I finally beat the traffic and I'm walking in the lobby; the smell of cleaning product, stale air and antiseptic filled my nostrils. I walked up to the lady at the front desk.

"Hi! uhm- I'm here to see Livy Nixon." I say to the lady, who then starts typing on her computer.

"Relation to the patient?" She asks blatantly without even looking up at me. 

"Brother, twin brother." I reply, my voice shaking a little.

"Room 222, here's your wristband." She tells me, handing me a white wristband that just says 'Tuesday' on it. I put it on the walk up to the elevator and press level 2. The elevator goes up, then dings as the door opens.
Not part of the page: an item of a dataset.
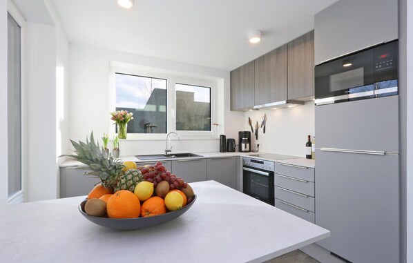 Welcome to your holiday home, which offers you as a family with children or as a small group of friends a cosy, homely ambience with Scandinavian design furnishings. Two terraces for sitting and eating in the sun, the bio-fireplace and your own sauna leave nothing to be desired. The open-plan kitchen invites you to cook and linger. There is an open-plan bedroom on the gallery.

I walk the hallway, reading the sign 'rooms 220-235' with an arrow. Its pointing to the ICU. My heart dropped. I continued walking, and I finally found my sister's room. I knock quickly and my mom opened the door. She looks like a mess but I'm not going to mention that to her. I walk in to see my sister and I can feel my heart shatter looking at her like that. Her hair is still messy, her arms have bandages on them, she has an IV, a feeding tube, a heart monitor and so many other things hooked up to her. I couldn't do anything but stare at her.

"You okay dear?" My mom asks me. I don't even know what to say, If I say no, I'll worry her but if I say yes, it seems like I don't care about Livy.

"I don't know." I reply back to her.

"Can I have a minute to talk to her? Alone." I ask, looking at my mom and dad. They look at each other and nod before walking out of the room together.

"Livy..." I say, grabbing a chair and dragging it to the side of her bed and taking a seat. 

"Why didn't you text me, call me, or just talk to me. I could've helped you." I say, grabbing her hand and rubbing my thumb across her knuckles and fingers gently. 

"I wish I knew you felt that way Liv. You scared the hell out of all of us. Why didn't you come to me? You know I love you and care so much about you Liv. You are my best friend, my day one. I'd die for you and if I lose you, I would be missing half of myself." I say to her while my voice is breaking, now lying my head on her arm.

"I'm sorry If I caused you any pain. I feel guilty still for being the cause of your eating disorder, I wish I would've been nicer to you in middle school. I'm so sorry If any of this is my fault. God Liv, you dent know how much we all love you. Aurelia cried with me on the school floor today because we are scared were going to lose you." I continue, knowing she won't reply.

"Please don't leave me Livy, I need you."